**Data supplied:**
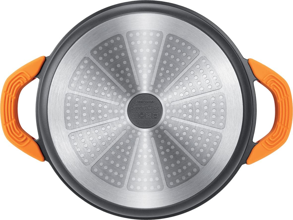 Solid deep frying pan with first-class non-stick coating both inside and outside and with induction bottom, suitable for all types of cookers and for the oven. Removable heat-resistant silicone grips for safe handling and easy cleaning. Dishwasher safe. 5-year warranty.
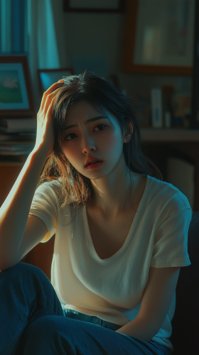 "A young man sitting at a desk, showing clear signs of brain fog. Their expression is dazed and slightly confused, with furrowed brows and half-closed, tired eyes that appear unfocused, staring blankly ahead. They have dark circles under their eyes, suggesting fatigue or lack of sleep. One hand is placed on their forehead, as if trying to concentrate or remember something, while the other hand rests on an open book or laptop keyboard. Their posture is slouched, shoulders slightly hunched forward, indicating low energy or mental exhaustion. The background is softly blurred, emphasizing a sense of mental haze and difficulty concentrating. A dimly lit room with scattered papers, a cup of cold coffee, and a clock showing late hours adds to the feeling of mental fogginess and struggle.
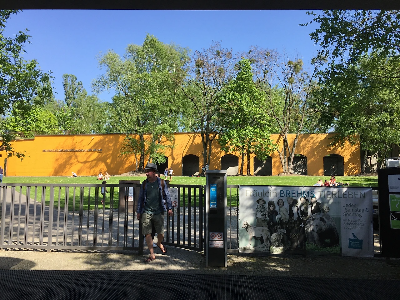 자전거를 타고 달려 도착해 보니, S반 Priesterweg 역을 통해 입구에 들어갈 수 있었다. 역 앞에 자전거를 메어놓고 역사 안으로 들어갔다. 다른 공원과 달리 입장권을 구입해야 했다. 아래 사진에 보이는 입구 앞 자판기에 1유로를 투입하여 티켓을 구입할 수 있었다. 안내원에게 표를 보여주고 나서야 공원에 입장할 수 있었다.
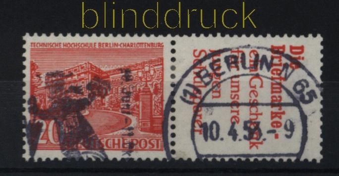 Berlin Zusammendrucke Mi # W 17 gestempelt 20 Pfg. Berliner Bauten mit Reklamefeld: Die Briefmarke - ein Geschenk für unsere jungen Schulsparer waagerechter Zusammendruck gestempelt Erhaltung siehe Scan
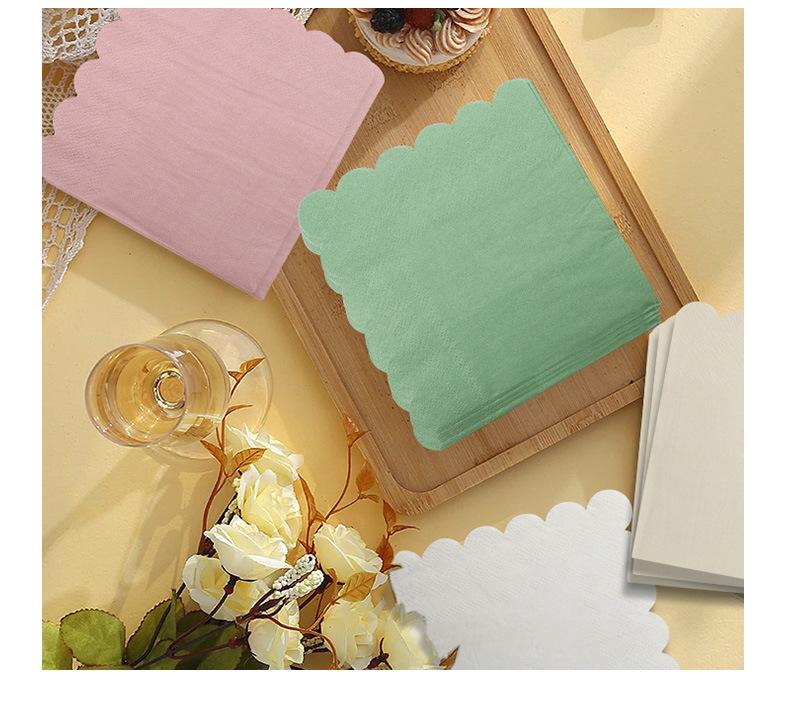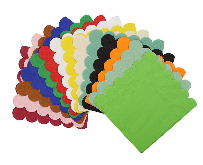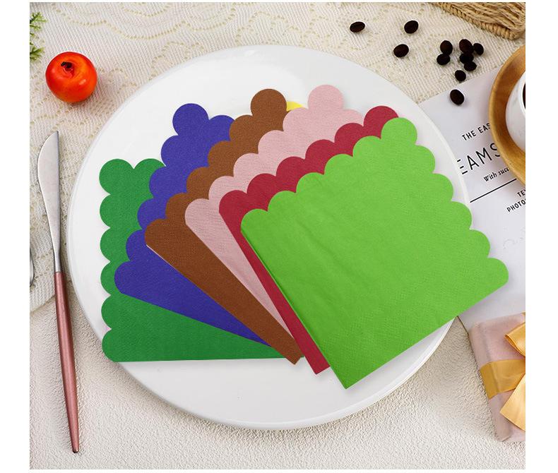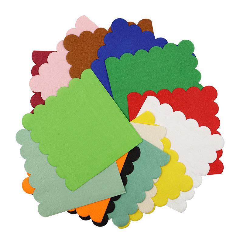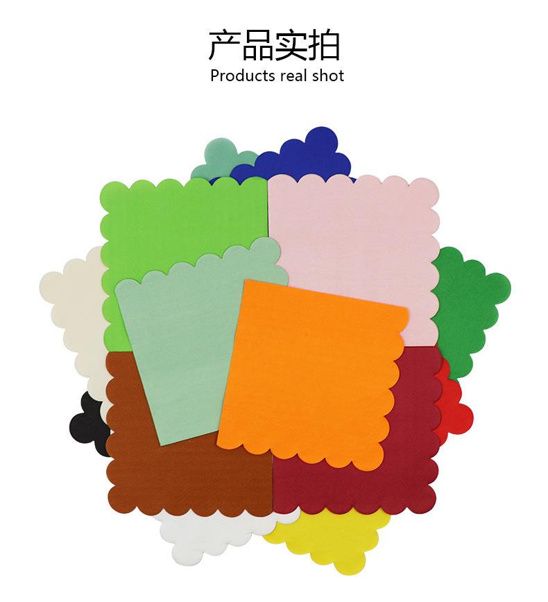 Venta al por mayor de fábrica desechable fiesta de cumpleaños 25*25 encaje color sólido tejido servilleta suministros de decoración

**Problem statement:**
With all pictures excluded, output exactly the lines from the one containing "Berlin Zusammendrucke Mi" through the final line of the entries, inclusive.

**Task output:**
 Berlin Zusammendrucke Mi # W 17 gestempelt 20 Pfg. Berliner Bauten mit Reklamefeld: Die Briefmarke - ein Geschenk für unsere jungen Schulsparer waagerechter Zusammendruck gestempelt Erhaltung siehe Scan
 Venta al por mayor de fábrica desechable fiesta de cumpleaños 25*25 encaje color sólido tejido servilleta suministros de decoración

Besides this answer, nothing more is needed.